Convention Games 101

When you agree to run a game at a convention rather than for your own friends there are several key differences that need to be kept in mind to make things run smoothly.

  1. You will only have a finite amount of time for the game.  Usually you either book a set amount of time (60 minutes, 90 minutes etc.) or a block of time (12pm-2pm).  In either case keeping track of the time is important.  There may be other attendees moving into the space when you are done and your players may have other games to get to following yours.  The time you have is for setup, instruction, gameplay and teardown and be aware of how long each of those things take.  Some games (Arkham Horror and Firefly I’m looking at you) have longer than average setup times.
  2. The odds are good that you will be playing with people who have no experience with the game.  In many cases, when someone sits down to a table at a convention it is because they want to try something new.  You will need to teach people how to play.  Make sure you know the rules.  Make sure that if there is errata you know what it is (and bring it with you).  If you’re using any house rules, have those printed out and make sure you tell people ahead of time what they are, possibly in the description you submitted.
  3. Submit a description of your game for the schedule/website etc.  Your game is one of many during the convention and if you want players you need to sell the game to them.  Some conventions have printed schedules with descriptions, others have websites with electronic versions.  Make sure you submit a description of your game, even if you just copy the blurb from the back of the box or the company website.
  4. Be aware of your table footprint.  Some games take up an inordinate amount of space.  If you’ve got boards, decks of cards, play mats, dice cups, dice trays, dice towers, player handouts, maps, miniatures, standees etc. that all takes table space and needs to be accounted for when you submit your game.  RPGs in particular can take up more space than you think when you’ve got 4-6 players plus a GM with all their dice, character sheets, dice trays etc. it takes up a lot of room.  Most tables at a convention are either rectangular (30”x72”) or Round (60” or 72”).  Some conventions may allow you to book two tables or place two rectangular ones together.  If you need more space than this you should bring your own TV Trays or similar but check with the convention staff first as there may not be open space for more tables than the layout allows for.

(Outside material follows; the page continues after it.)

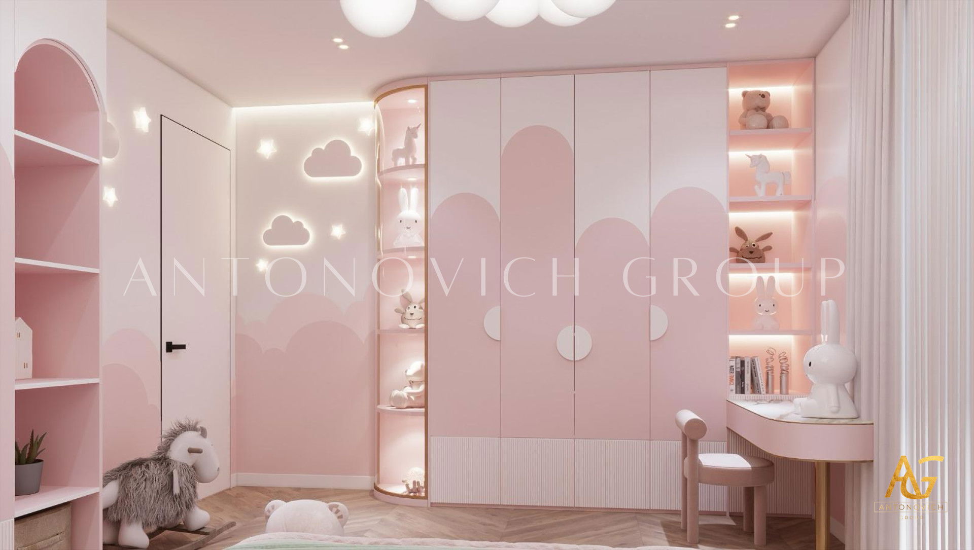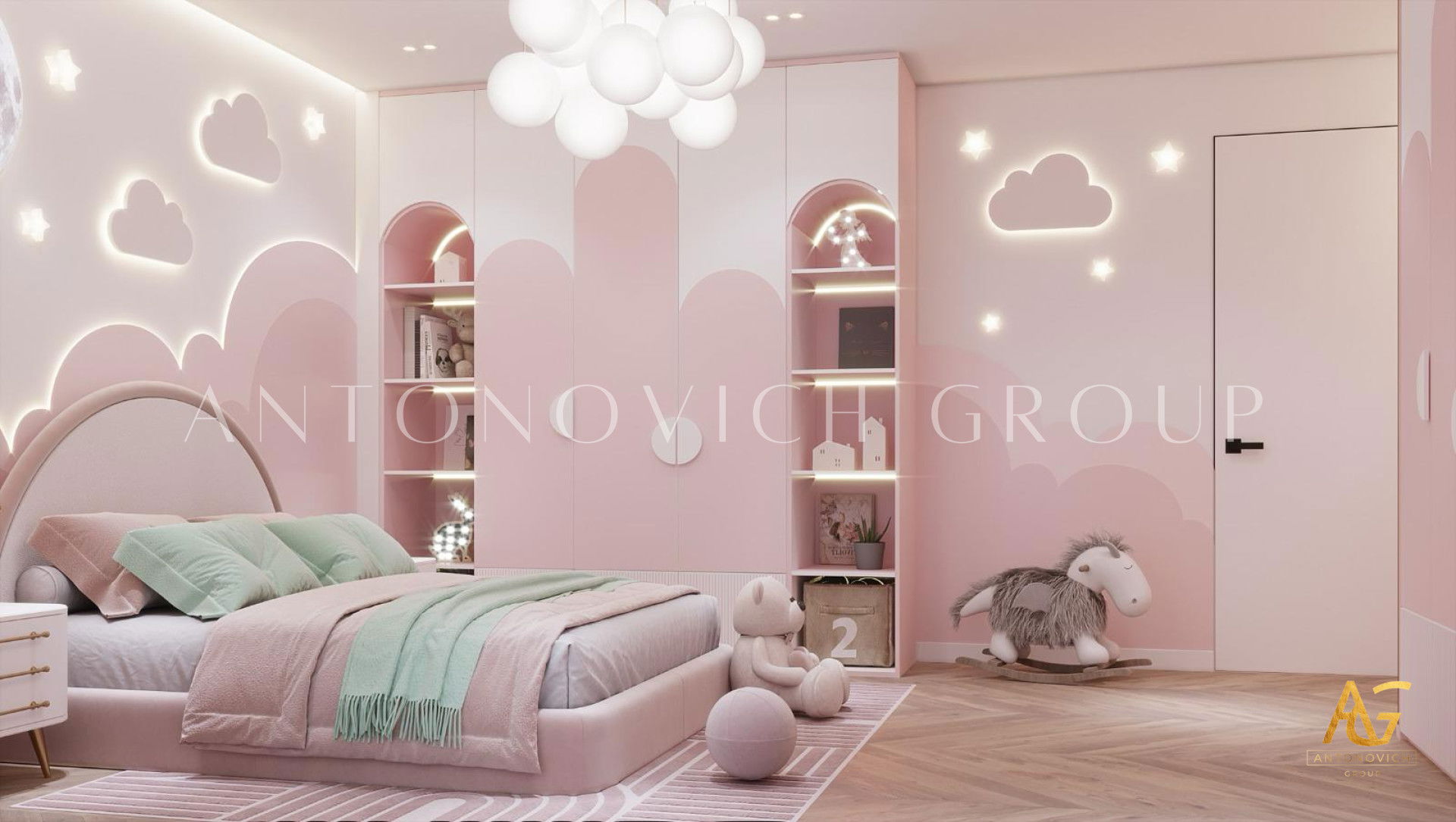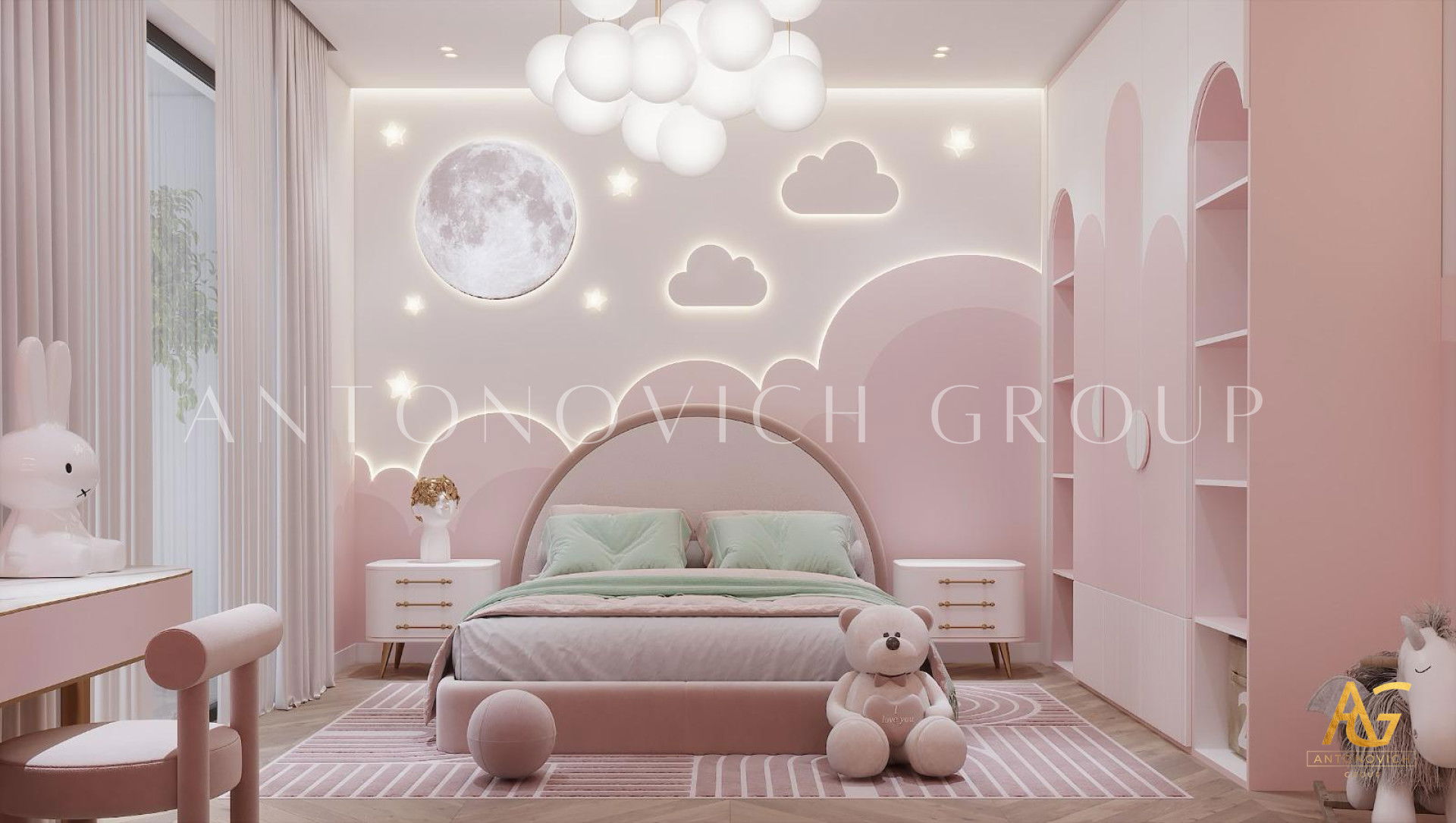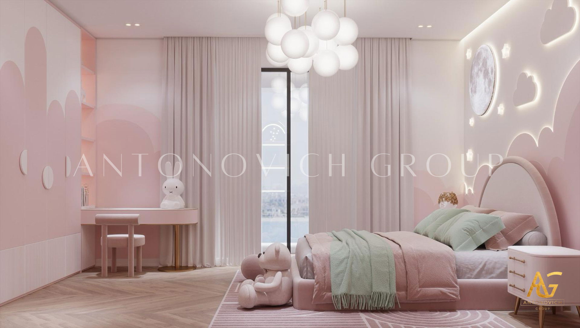 Home Interior Design Dubai reflects the dreams of every member of a large and happy family. The house project included several children's rooms design. This luxurious and charming children's room design was created for the youngest daughter of the owners of the house. The whole luxury interior design is made in the spirit of Dubai respectable classics. In the children's room interior interior designers offered a fascinating interior story with Art Deco accents. Children's room interior design must take into account the child's sex, age, psychology, as well as the enthusiasm of the young home owners. For the young princess the designers created a real fairy-tale palace. The interior is dominated with warm shades of pink palette. The main composition that decorates the child's room interior for a girl, became a comfortable bed. The high headboard made of wood, which is painte in cream and pink shades, is inlaid with carved decor and complement of genuine leather upholstery of pink hue. The bed looks harmoniously at the background of pink volumetric 3D panel. Superb texture of the panel plays a charming light. Ceiling design emphasizes the elegant mood of the children's room interior for a girl. Ornate Chandelier with forged elements, pink shades and crystal pendants perfectly fits into the luxurious interior. Interior design studio Dubai has developed an elite house project, in which every member of a large and happy family feels completely comfortable.

  5. Be accommodating.  If a player realizes they made a mistake fairly quickly let them take it back.  If a player doesn’t seem to grasp a rule or something it’s your job to make it clear.  Some games seem to delight in byzantine rules or scoring mechanisms or placement rules and if a player makes a mistake let them correct it if they ask.
  6. Do not play the game for the players.  Some people have a tendency to backseat drive when they are teaching a game.  “You should move here” or “You should use this ability”.  Do.  Not.  Do.  That.  The players are there because they want to play the game you’re presenting.  Even if a player does something that isn’t optimal as long as it’s not wrong (and even if it is you should remind them of the relevant rule but absolutely let them make their own legal choice), then let them do it.  Answer questions as they come up, remind people of the mechanics when necessary but do not play for them.
  7. If at all possible for a board game, be the impartial referee.  Make choices for enemies, roll dice for them, read card text aloud, keep track of the turns, the scoring and all the fiddly bits but if at all possible do not play in the game.  Run it as a game master.  Your job should be to teach the game to new people, not to play the game with new people and it’s much much easier to do that if you’re not concentrating on your turn or your strategy.
  8. Be knowledgeable about the game.  If people enjoy the game they are going to have questions, the most predominant ones being “Where can I get this?” and “How much does it cost?”  If possible direct them to your FLGS rather than a big box store or online.  If you’re running an RPG many, many companies have free quick start rules online that provide pre-gen characters, condensed rules and a short adventure.  If that’s available for your game, absolutely direct the players there.  
  9. Bring extra materials.  If you’re running a board game make sure everything is in the box (I once ran a game where the actual rules were accidentally packed away in an expansion box…that I didn’t bring) that you’ll need.  If you’re running an RPG make sure you’ve brought everything you need and a few extra sets of dice, some blank paper and pens. If your particular game uses special things – tokens, minis, standees etc. make sure those are with you.  If you’ve made a checklist of what to include then make sure you actually use the checklist.
  10. Be enthusiastic about your game.  In theory you’re running the game because you enjoy it so be sure to convey that joy.  Even if you’re running the late night session or the dog days end of convention session.  You are running/showcasing a game that you love and you want other people to feel that.